- Born: 1936 Shewa, Ethiopia
- Died: 31 July 2023 (aged 86–87)
- Education: PhD in Agronomy, University of Nebraska–Lincoln
- Organization(s): Seeds of Survival Programme of Ethiopia UN Food and Agriculture Organization's Commission on Plant Genetic Resources
- Known for: Agronomy
- Awards: Right Livelihood Award, 1989 Outstanding International Contribution Award, 2008, National Green Award Foundation

= Melaku Worede =

Ethiopian agronomist (1936–2023)

Melaku Worede (መላኩ ወረደ; 1936 – 31 July 2023) was an Ethiopian geneticist and agronomist.

Melaku was born in 1936, in Shewa, Ethiopia, to Qeñazmach Worede Gebrekidan, an Ethiopian Shewan governor, army commander and aristocrat from Bulga, and Woizero Amsale Wodajeneh, an Ethiopian noblewoman from Shewa and the daughter of Fitawrari Wodajeneh Awgechaw, who was an army commander and viceroy of Ras Lul Seged in Ethiopia's former Solomonic dynasty Kingdom.

== Education and career ==
Melaku travelled to the US in the 1960s to pursue post-graduate studies.

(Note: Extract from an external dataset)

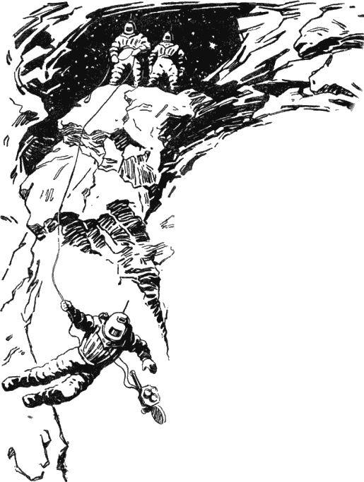 Хотя Мельников и знал, что на Арсене не очень опасно падение с высоты полукилометра, он с тревогой наблюдал, как Коржёвский осторожно опускал Второва вниз. Падение не угрожало переломом костей, но могли разбиться стёкла шлема – и тогда мгновенная смерть. Правда, это было не стекло, но всё же… Кроме того, пропасть была так глубока, что никакие рассуждения о разнице между Арсеной и Землёй не могли избавить от лёгкого головокружения при взгляде на подножие скалы, исчезавшее где-то далеко-далеко внизу.

He obtained a PhD in Agronomy with a focus on plant genetics and breeding from the University of Nebraska–Lincoln.

Melaku was awarded the Right Livelihood Award in 1989 "for preserving Ethiopia's genetic wealth by building one of the finest seed conservation centres in the world."

Melaku features in the film Seeds of Justice which was released in June 2012, and features narration from Oscar-winning actor Jeremy Irons. The film was produced by The Gaia Foundation and the African Biodiversity Network, both organisations with whom Melaku has been a long-term ally and worked alongside to lead a number of trainings with Field Officers working across Africa. Melaku has three children: Mary Worede, H/Mariam Melaku Worede and Lij Tedla Melaku Worede.

==Death==
On 31 July 2023, the Ethiopian Biodiversity Institute (EBI) announced that Melaku had died.